CHICAGO — McDonald’s acknowledged Wednesday that rivals have been better at responding to customers’ changing tastes and laid out the first steps it hopes will turnaround its sales slump in the United States, including taking eight items off the menu.

Chief executive Don Thompson and Mike Andres, the president of McDonald’s USA, met with analysts and investors in Oak Brook, Ill., two days after the world’s largest restaurant company posted its worst monthly U.S. sales in more than 13 years.

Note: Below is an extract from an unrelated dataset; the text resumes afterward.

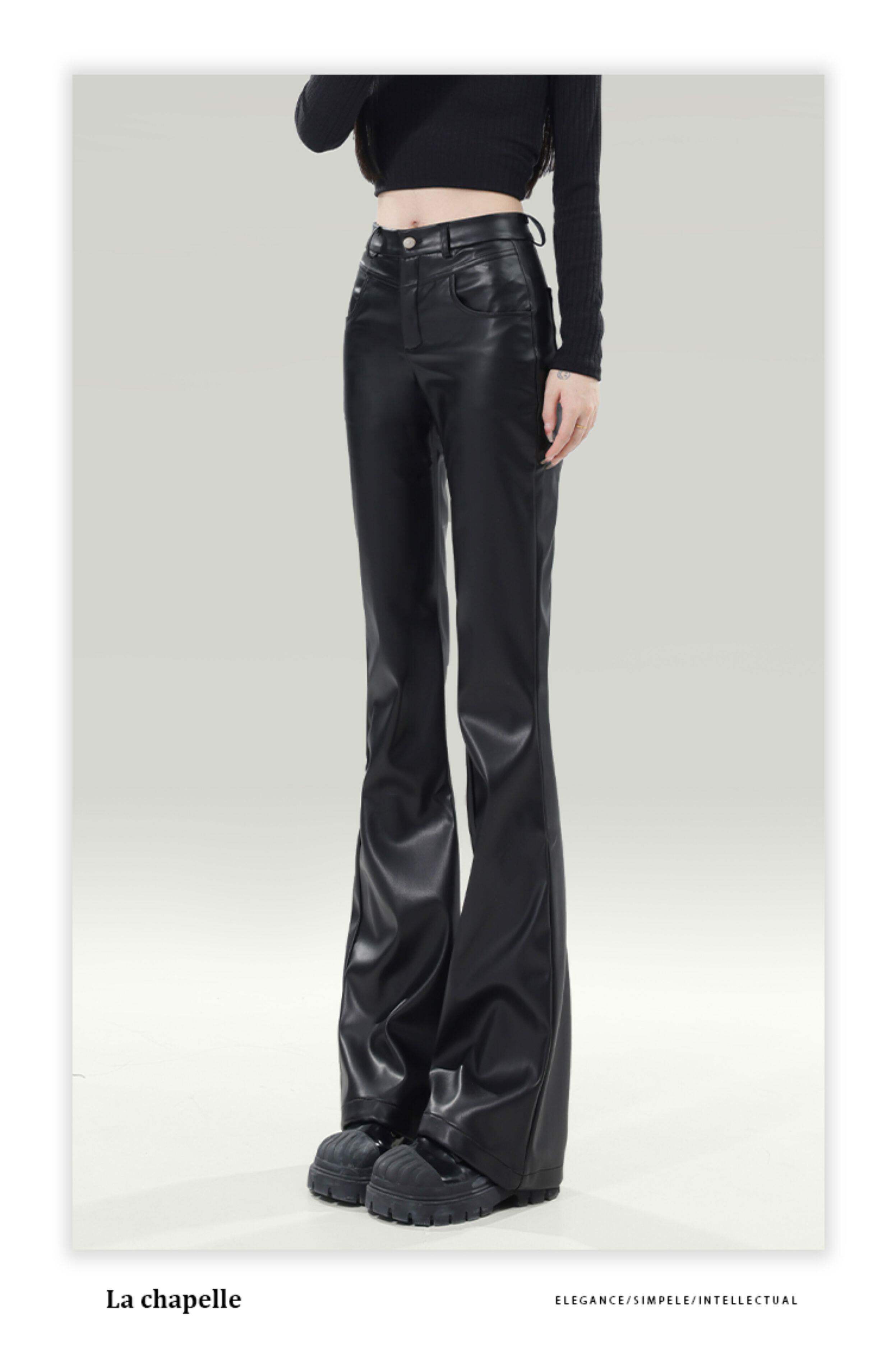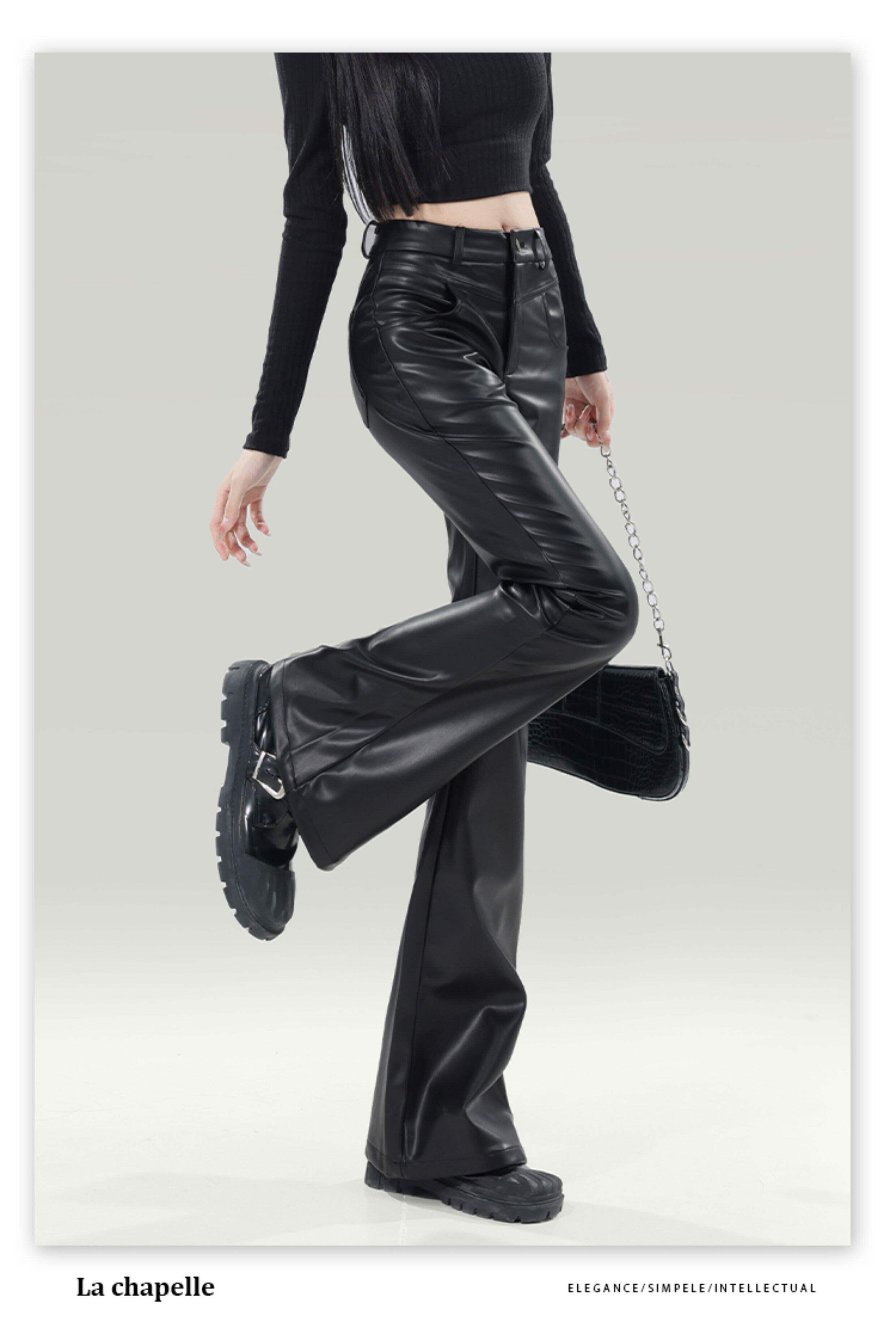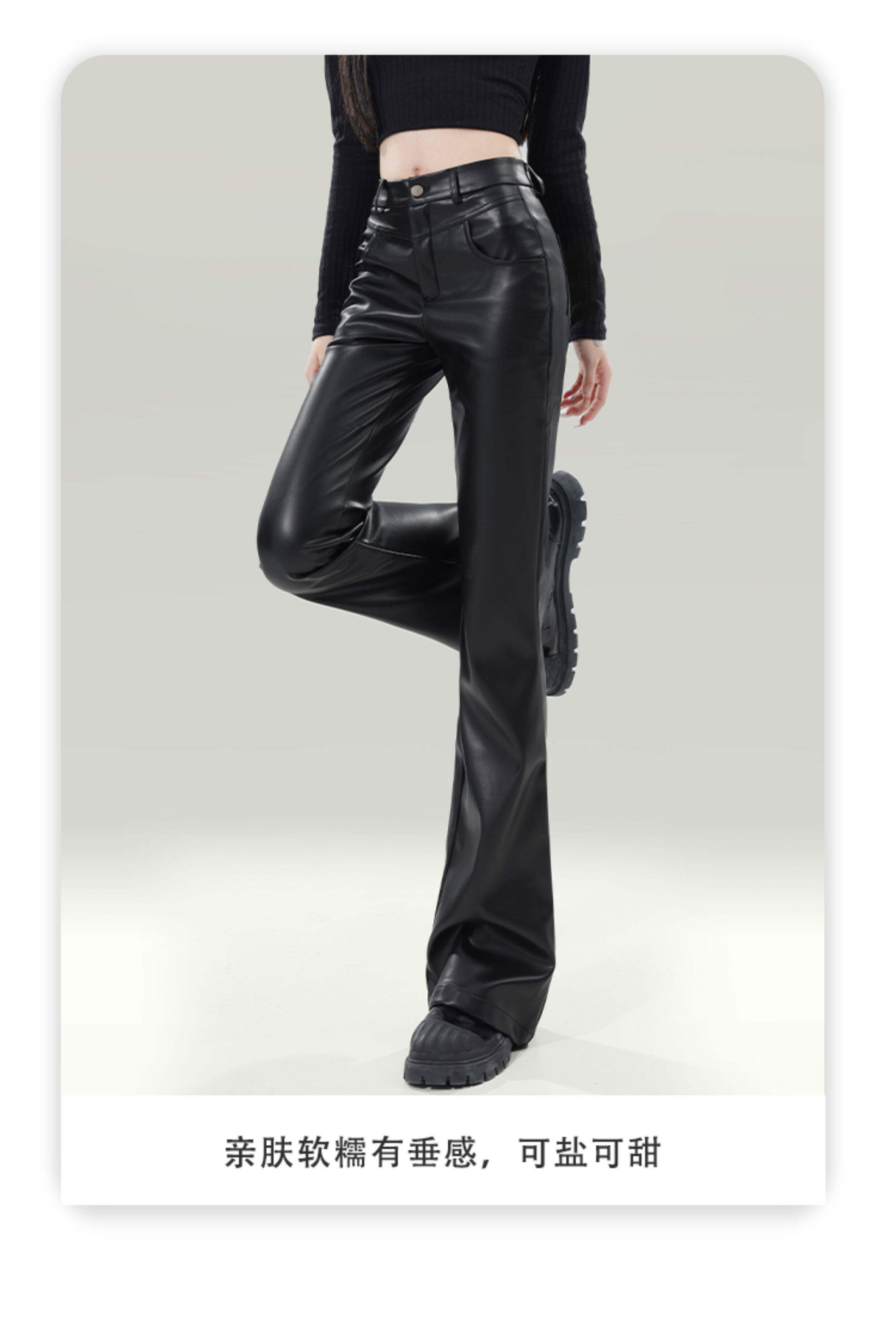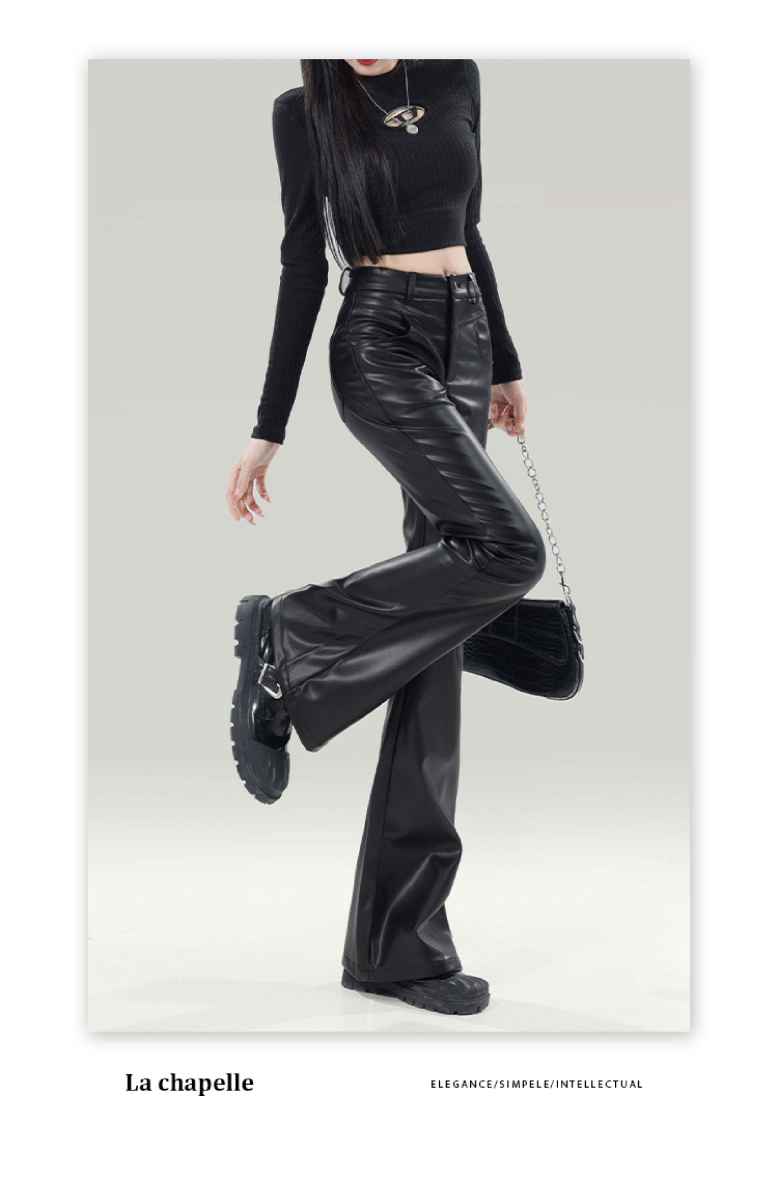 拉夏貝爾黑色皮褲女2026新款春季高腰修身顯瘦休閒小個子微喇叭褲

Andres, who returned to McDonald’s in October, said McDonald’s plans to take eight items off of the U.S. menu, which is being updated next month. It also plans to cut the number of extra value meals to 11, from 16. The executives did not lay out all of the items that will be eliminated, but suggested they could be things such as one version of a McWrap. The McWrap has been flagged as an item that often takes too long to prepare.

“The pace of change outside of McDonald’s has become faster than perhaps the pace of change internally,” Andres said during a short presentation on Wednesday morning.

Andres said that adding more than 100 items to the menu over the past decade helped increase sales, touting that the items added $770,000 to sales at an average restaurant. However, the more complex menu also made it difficult for restaurants to execute “and maybe difficult to order,” he said.

While eliminating some weaker-performing items, Andres pledged that McDonald’s would also offer food that is “more culinary inspired” and sell items with shorter ingredient lists and fresher ingredients.

“We are not going to re-energize this business by taking incremental steps,” Andres said.

McDonald’s worldwide same-restaurant sales declined 2.2 percent in November, the company reported Monday. The drop was its sixth consecutive monthly decline.

The biggest drop came in the United States, where same-restaurant sales fell 4.6 percent, the steepest U.S. drop since June 2001. McDonald’s U.S. same-store sales have not increased since October 2013.